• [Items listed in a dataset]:

· · · ·

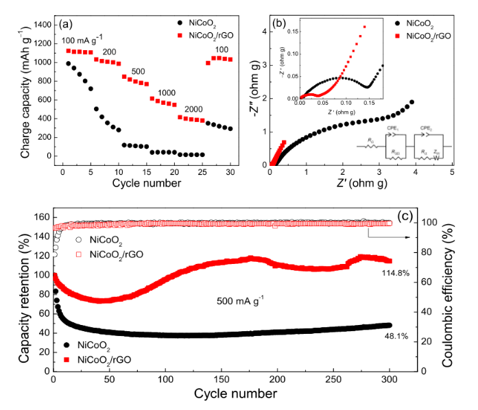 2/rGO電極的(a)倍率性能,(b) Nyquist圖(插圖為高頻范圍內(nèi)Nyquist圖的特寫視圖和相應(yīng)的等效電路模型)和(c)循環(huán)性能(500 mA g
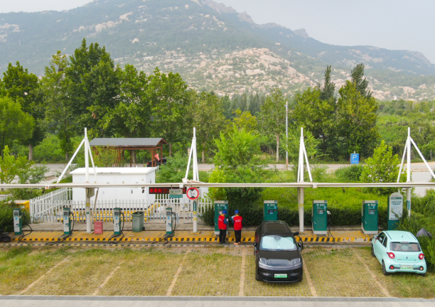 目前,国网山东电力在全省高速服务区建有430座充电站,可同时为2093辆新能源汽车充电。从2024年4月1日起,这些高速充电站实现全时段供应绿电,成为全国首批“高速服务区绿电充电站”,助力“绿色电能驱动绿色出行”。
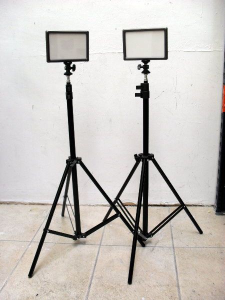 2 x Led Light Panels. EX DEMO 2 x 112 Led panels, adjustable light temp: 5600k to 3200k, Brightness Adjustment, Power source; takes NP-f and NP-FM series batteries, 2 x 2.1m tripod stands.
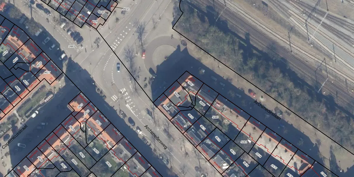 Het perceel waarop Archimedesweg 63 staat heeft een oppervlakte van 147 m². Dit is een middelgroot perceel. De perceeloppervlakte wordt geregistreerd door het Kadaster. Gedetailleerde informatie over de maten van dit perceel kunt u vinden in het rapport Kadastrale kaart met maatvoering van Archimedesweg 63.
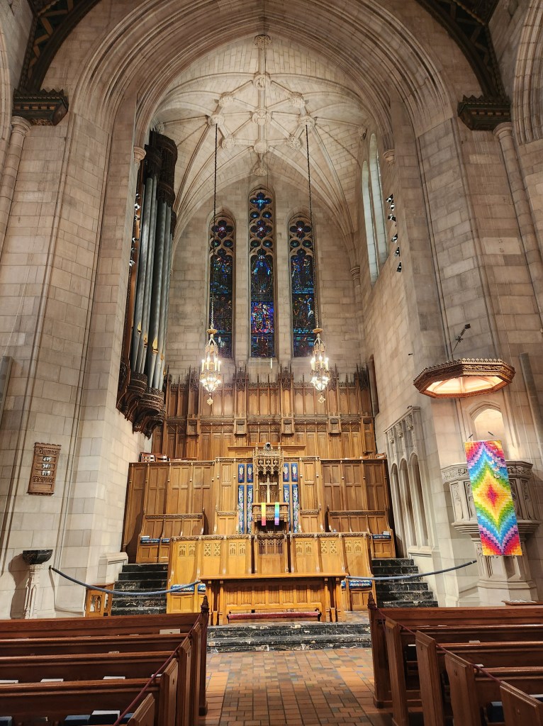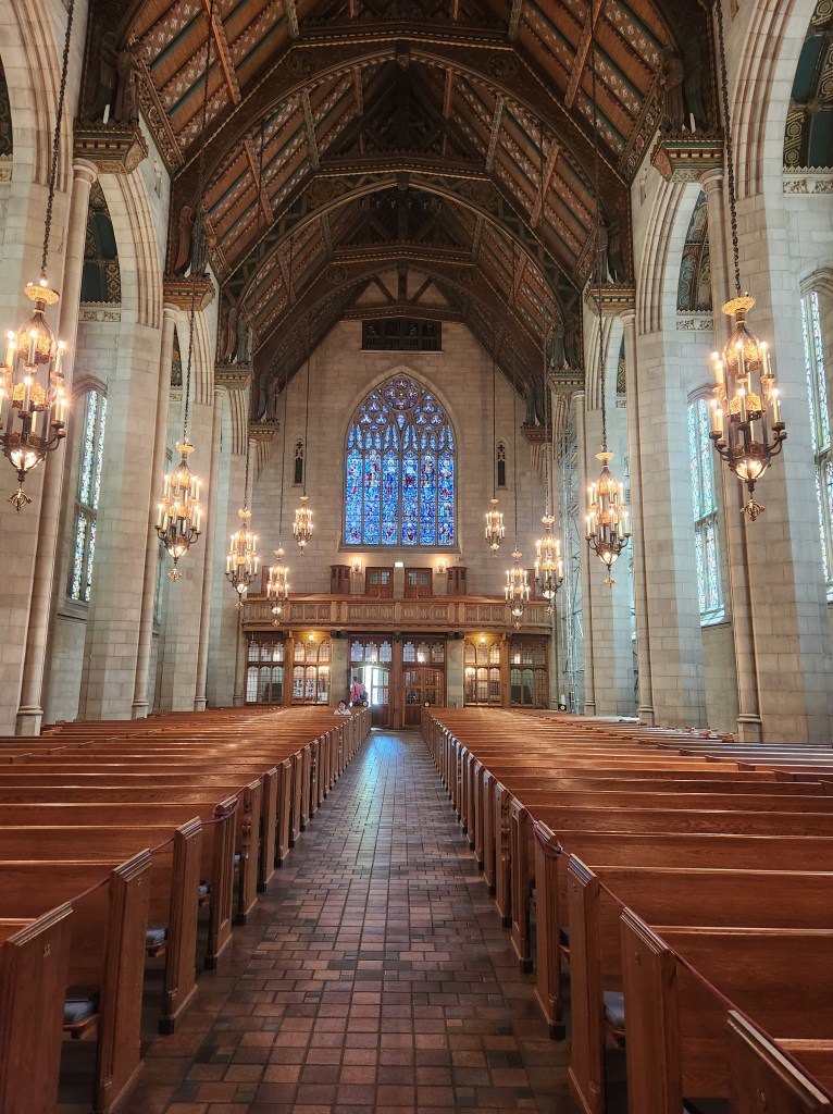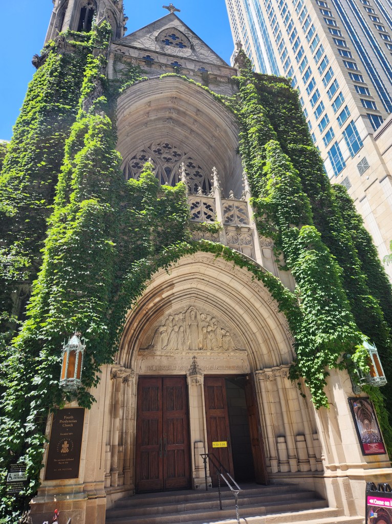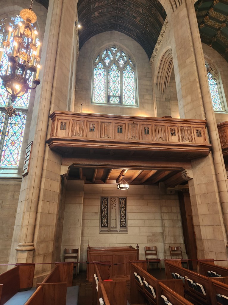 On the way to the exhibit, the next serendipitous event occurred. After our bus got to the first Michigan Avenue stop, it didn’t start going again, and after a few minutes, we had to get off the bus. We decided to walk rather than get on another bus, which gave us the opportunity to go into a church on Michigan I’ve been curious about since I’ve noticed from the bus that it is open to visitors. When we walked in, we were directed to a brochure titled “A Guide to the Architecture of Fourth Presbyterian Church,” and I can see why because it’s amazing!
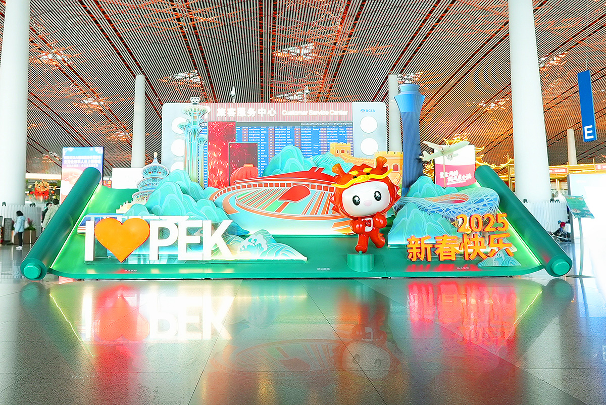 春運(yùn)期間,首都機(jī)場(chǎng)上新樓內(nèi)景觀,為往來旅客呈現(xiàn)了一場(chǎng)別開生面的視覺盛宴。在3號(hào)航站樓內(nèi),一幅絢麗的新春畫卷徐徐展開。以綠色卷軸打底,景觀巧妙地融入北京標(biāo)志性建筑,俏皮可愛的首都機(jī)場(chǎng)服務(wù)品牌IP“都都”和“新春快樂”4個(gè)大字仿佛在向每一位旅客熱情地打招呼,傳遞最真摯的新春祝福,讓旅客感受到新春的喜悅。
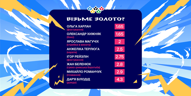 Отметим еще шпажиста Игоря Рейзлина, каратистку Анжелику Тергюгу (карате наконец-то дебютирует на Олимпиаде!), опытнейшую Елену Костевич, бравшую золото в стрельбе из пистолета в далеком 2004 году и, конечно, дзюдоистку Дарью Билодид. FAVBET считает, что Дарья принесет Украине первую медаль Олимпиады уже в эту субботу.
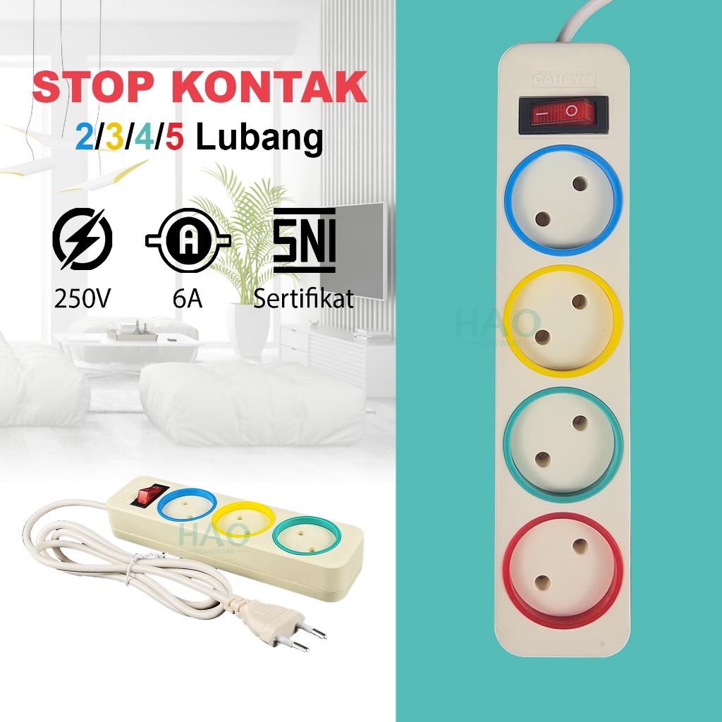 Stop Kontak Gepeng ColorFull ON/OFF / Stop Kontak + Kabel 2/3/4/5 Lubang SNI / Merek Cahaya SC-852/3/4/5

· · · ·

• [Activity]: Transcribe, word for word, the stretch of lines in the data above from the one with "目前,国网山东电力在全省高速" through the one with "Het perceel waarop"; omit all pictures.

• [Response]:
 目前,国网山东电力在全省高速服务区建有430座充电站,可同时为2093辆新能源汽车充电。从2024年4月1日起,这些高速充电站实现全时段供应绿电,成为全国首批“高速服务区绿电充电站”,助力“绿色电能驱动绿色出行”。
 2 x Led Light Panels. EX DEMO 2 x 112 Led panels, adjustable light temp: 5600k to 3200k, Brightness Adjustment, Power source; takes NP-f and NP-FM series batteries, 2 x 2.1m tripod stands.
 Het perceel waarop Archimedesweg 63 staat heeft een oppervlakte van 147 m². Dit is een middelgroot perceel. De perceeloppervlakte wordt geregistreerd door het Kadaster. Gedetailleerde informatie over de maten van dit perceel kunt u vinden in het rapport Kadastrale kaart met maatvoering van Archimedesweg 63.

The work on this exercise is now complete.